Rita, Sue and Bob Too is another eighties British film that, like most of the period’s notable indigenous cinema, was sparked to life by the politically-charged, culturally in-tune motives of its director. In this case it’s Alan Clarke who, along with Rita, Sue and Bob Too writer Andrea Dunbar, recognised that you didn’t need to dramatise contemporary life as much as portray the dramas of actually living it. Noteworthy for being one of only three feature length films Clarke made for theatrical release (much of his admittedly stellar screen work was done for TV), Rita, Sue and Bob Too crucially distinguishes itself from My Beautiful Laundrette’s backdrop – the comparatively thriving city of London in England’s south – with the downtrodden estates of northern city Bradford.
You could argue the presence of a working class and a non-working underclass in Clarke’s comparison between the two council estate teenagers and the more affluent family they babysit for. Inspired by screenwriter Andrea Dunbar’s own experiences of growing up in the city, the film proves to be an evocative and uncomfortable window on northern Britain in the mid-1980s that also manages to be endearing by capturing the qualities of the human spirit in spite of hardship. And, given that its tagline is “Thatcher’s Britain with her knickers down”, you know it’s going to be very funny at times.
1. High Hopes & Meantime (Leigh, UK, 1983/1988)
In the 1980s, writer-director Mike Leigh was an angry man. In has recently talked about the benefit of hindsight when looking back at his work during the decade, only now openly acknowledging the politicisation of his defiantly social-conscious films. He’s an intelligent guy, he knows what he was doing, but admits, at the time, his creative juices were fuelled by anger.
What that indignation achieves is a pair of films that provide acerbic documents of 1980s Britain during Margaret Thatcher’s reign.
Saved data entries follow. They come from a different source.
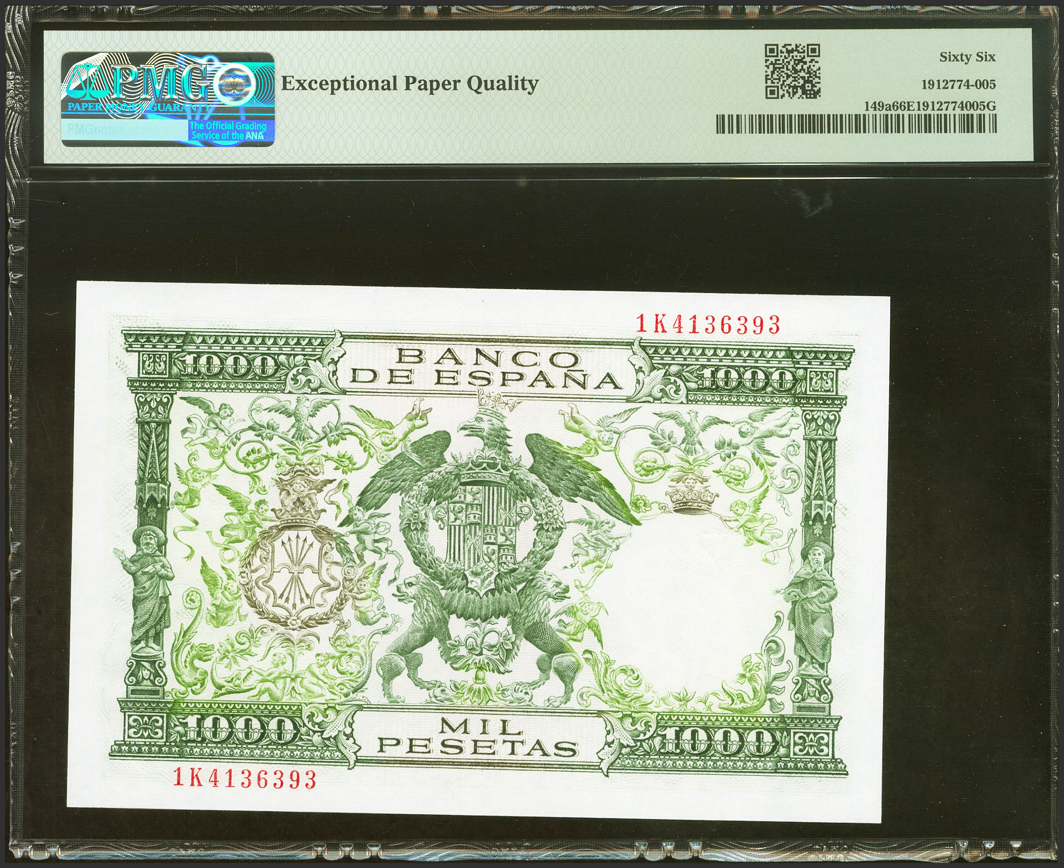1000 Pesetas. November 29, 1957. Series 1K. (Edifil 2021: 469b, Pick: 149a). Rare in this exceptional quality, original sizing. Uncirculated. PMG66EPQ package.
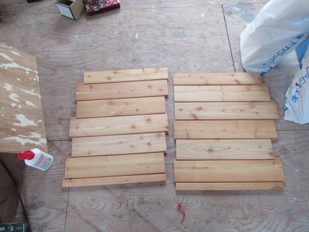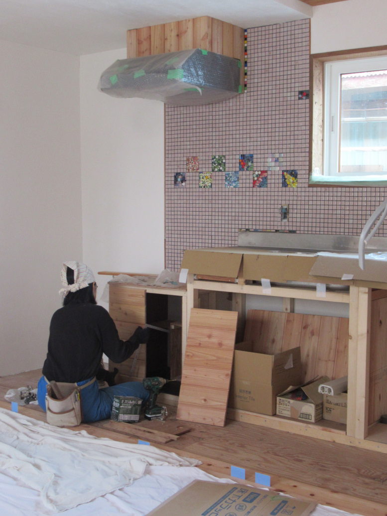 シンク下の開き戸の扉は、羽目板の端材を利用することに。
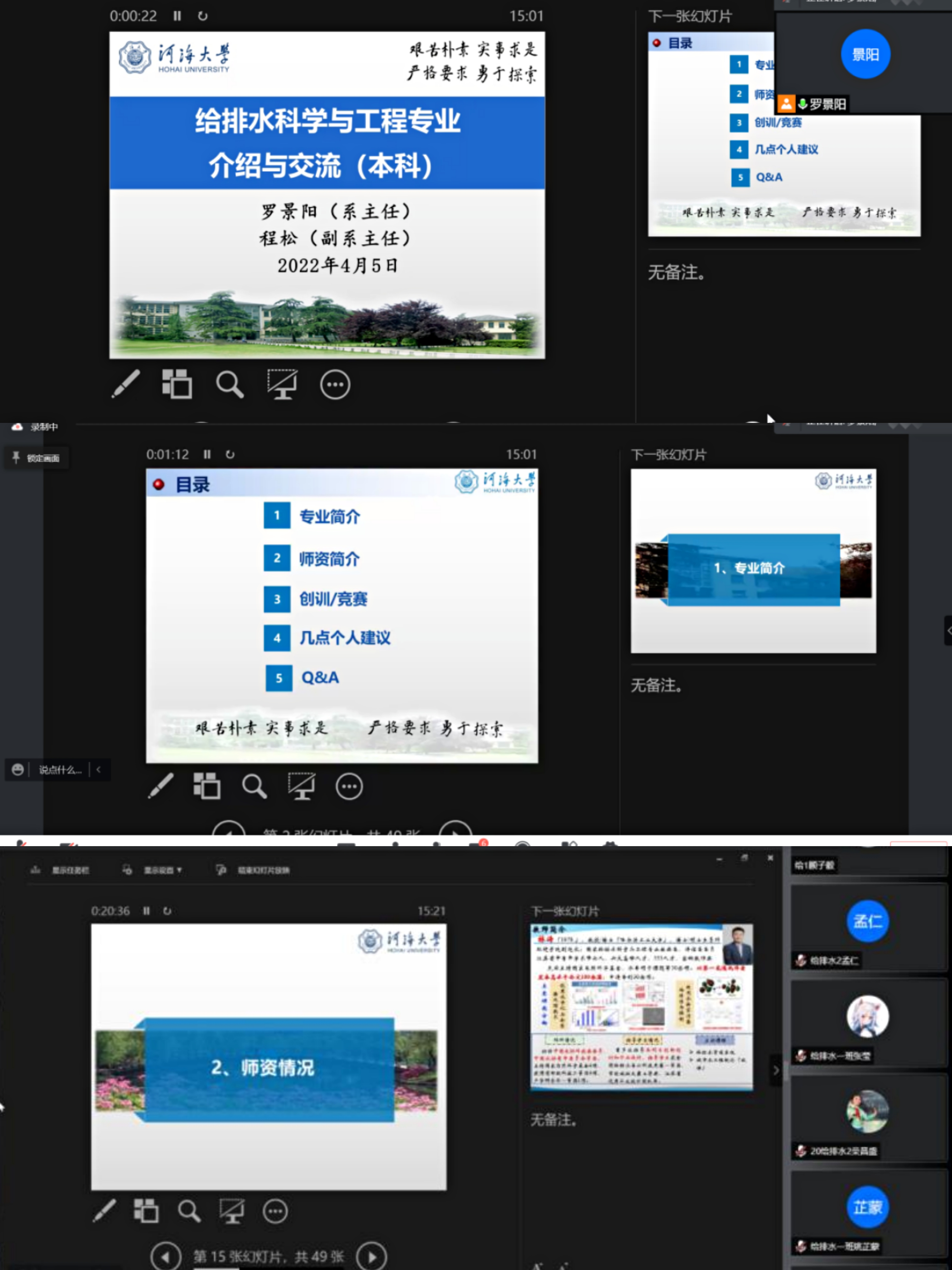 4月5日,云顶国际yd3332020、2021级给排水专业在线上召开学习经验交流会。本次交流会邀请到河海大学云顶国际yd333市政工程系系主任罗景阳教授为同学们分享经验,答疑解惑。罗景阳老师围绕专业简介、师资简介、创训竞赛、个人建议和问题交流五个方面向同学们进行了全面深入的介绍。
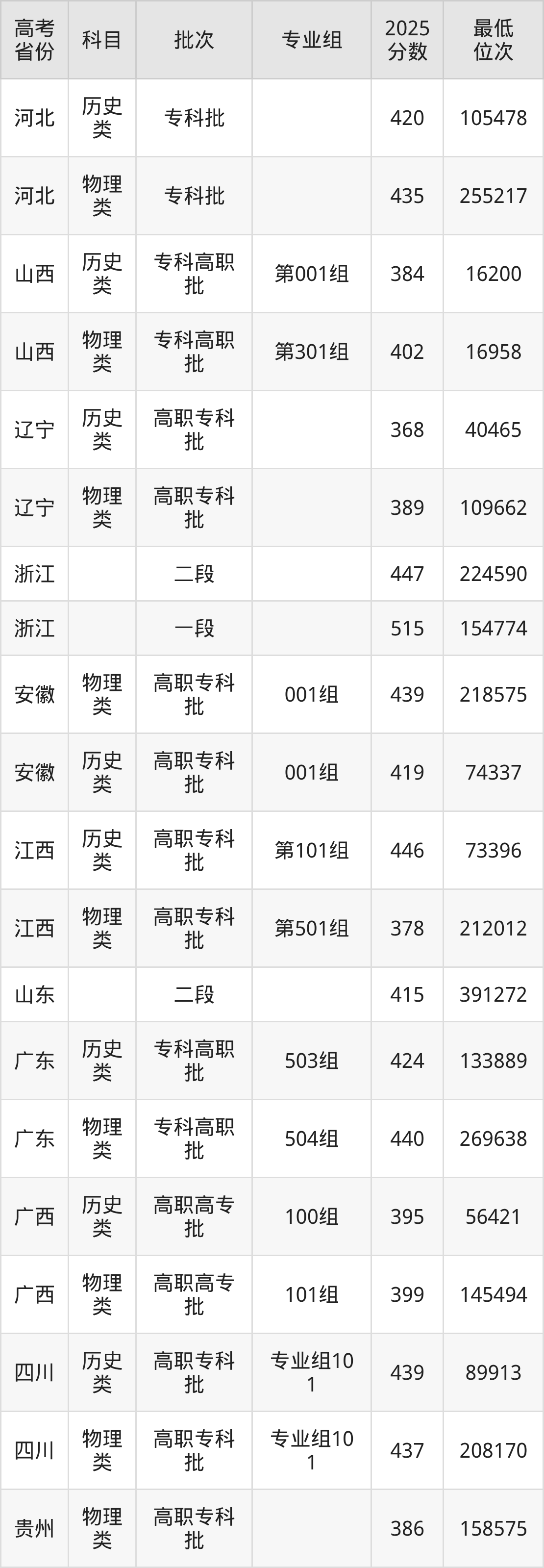 2026届高考生请重点参考下表,若你的高考成绩超过了江西生物科技职业学院往年在你省的最低录取分及位次,那么2026年被录取的概率也会比较高:
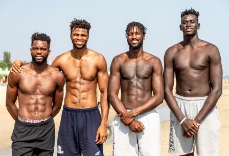 Aristide Mouaha, Jordan Bayehe, Khadeem Lattin, Dut Mabor, in una pausa del precampionato di A2 2019/2020 con il Roseto Sharks. [Cusano Photo]

Both Meantime (a 1983 TV film screened on Channel 4 after debuting at the London Film Festival) and High Hopes (1988) showcase, across a five-year span, working class dissatisfaction, alienation and disenfranchisement during a period of recession and historically high employment.
Meantime emits the stench of sink estates as generations of jobless lose sight of any aspiration they might have had, the government’s dismantlement of industry and strangled public spending personified through a family on the dole. This contrasts with the widening gap between the working and middle class. This is further highlighted in High Hopes’ depiction of Phil Daniels’ working class socialist and the varying social situations of those closest to him. For instance, his Tory-voting council tenant mother, his social-climbing sister, and the yuppie couple who have bought and renovated a former social housing townhouse next door to his mother with the intention of selling it for profit.
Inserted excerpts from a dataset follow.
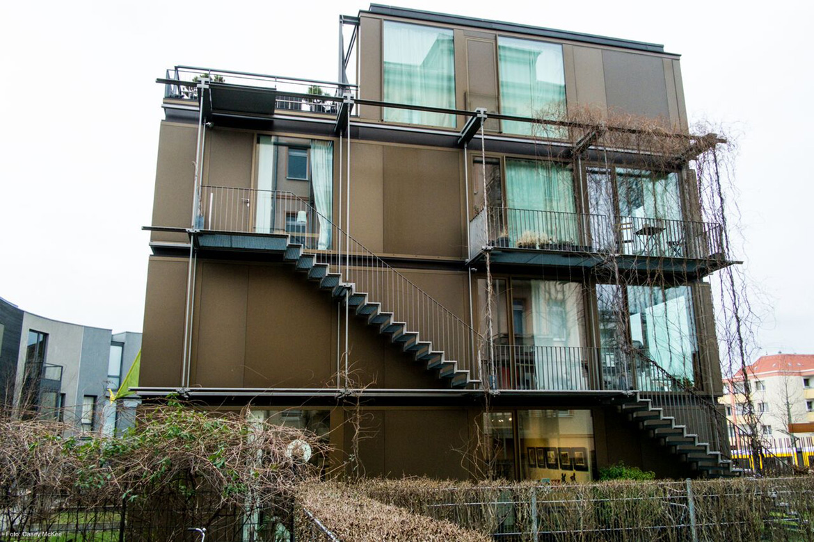 Erstes Townhaus, rechts von der Strelitzer Straße aus gesehen.
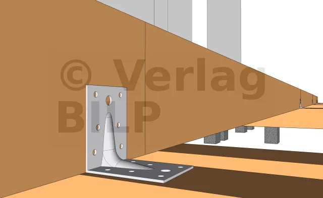 Entweder mit Winkelverbinder wie z.B. verstärkte Winkelverbinder oder einfache Winkelverbinder, die mit Rillennägel oder Verbindungsschrauben befestigt werden.
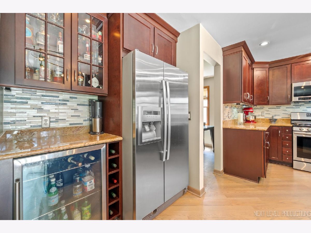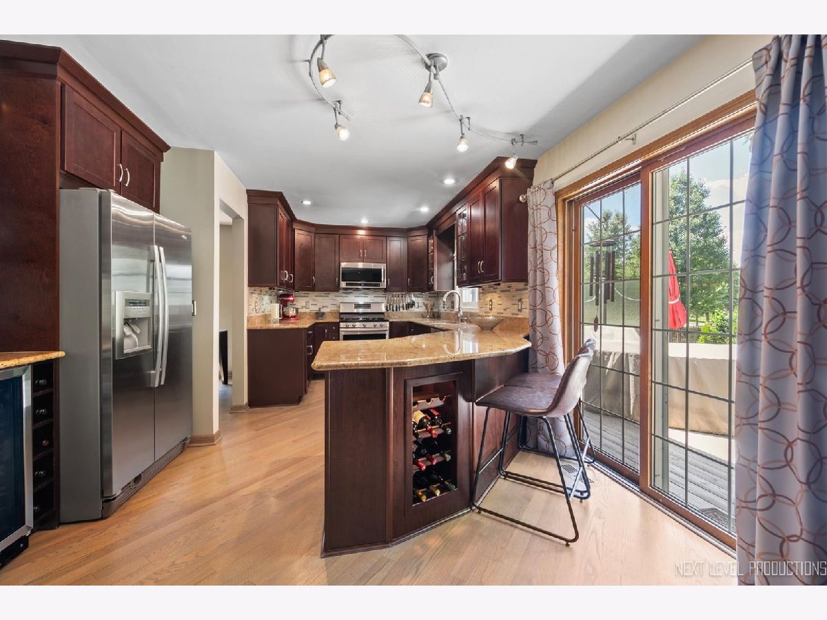 Sleek sophistication describes this totally updated home...and it is on an exceptionally beautiful, landscaped privacy fenced lot with expansive deck and brick paved patio!! An impressive stone walkway leads to the covered porch and triple glass pane front door! Light oak floors can be found throughout the main level. The L-shaped living/dining room can accommodate a large crowd for gatherings and holidays. The renovated granite kitchen is stunning and features 42" custom cabinets, glass tile backsplash, stainless steel appliances, expanded granite breakfast bar counter, wine refrigerator...and slider leading out to the gorgeous private yard!! The cozy family room has a fireplace with brick surround and a wood mantle. Primary bedroom suite with engineered hardwood floors, big wall closet and private bath with updated vanity and shower/tub. Bedroom two with overhead light fixture and bedroom three with built-in Murphy bed!! Full hall bath with updated vanity and shower/tub...bonus 2nd floor laundry room and 14x13 walk-in closet with built-ins!! Nicely finished basement with large rec room and lots of storage. Enjoy every season in your scenic private fenced yard with mature trees, deck, paver patio and awesome privacy screen. Two car garage with newer overhead door. This home is immaculate and is in true move-in condition!
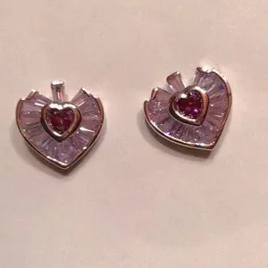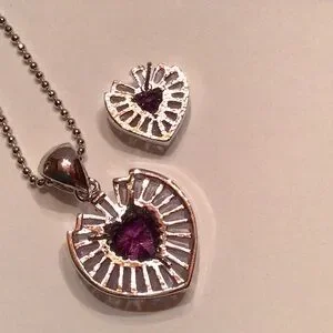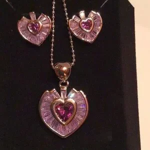 New Heart Necklace/Earring Silver tone rhodium plated. Lilac & Amethyst CZ’S
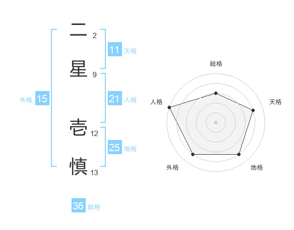 二星 壱慎さんを姓名の画数から五運を鑑定
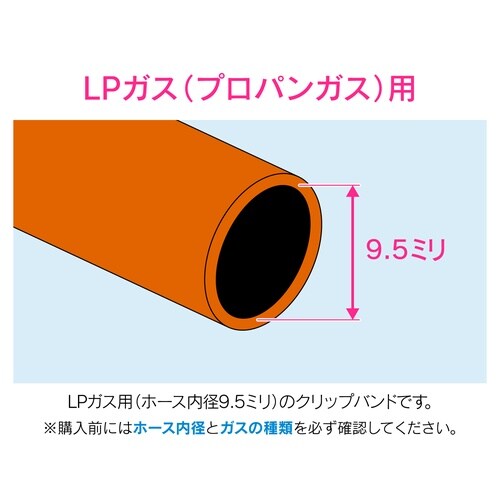 LPガス用ゴム管(内径9.5ミリ)のホースバンド2個入りです。 |

Both present wonderful time capsules of 1980s Britain from the perspective of those hit hardest by recession, unemployment and public cuts and those reaping the benefits of Thatcher’s economic ideology, notably the privatisation of public assets including national industries and council housing. The enduring qualities of both films are revealed through Leigh’s capacity to find a comic undertone despite troubling circumstances, often focusing on the make-up of personal relationships and how they are affected by the wider social and economic environment of the moment.
Over to you: what are your fave eighties films about the 1980s?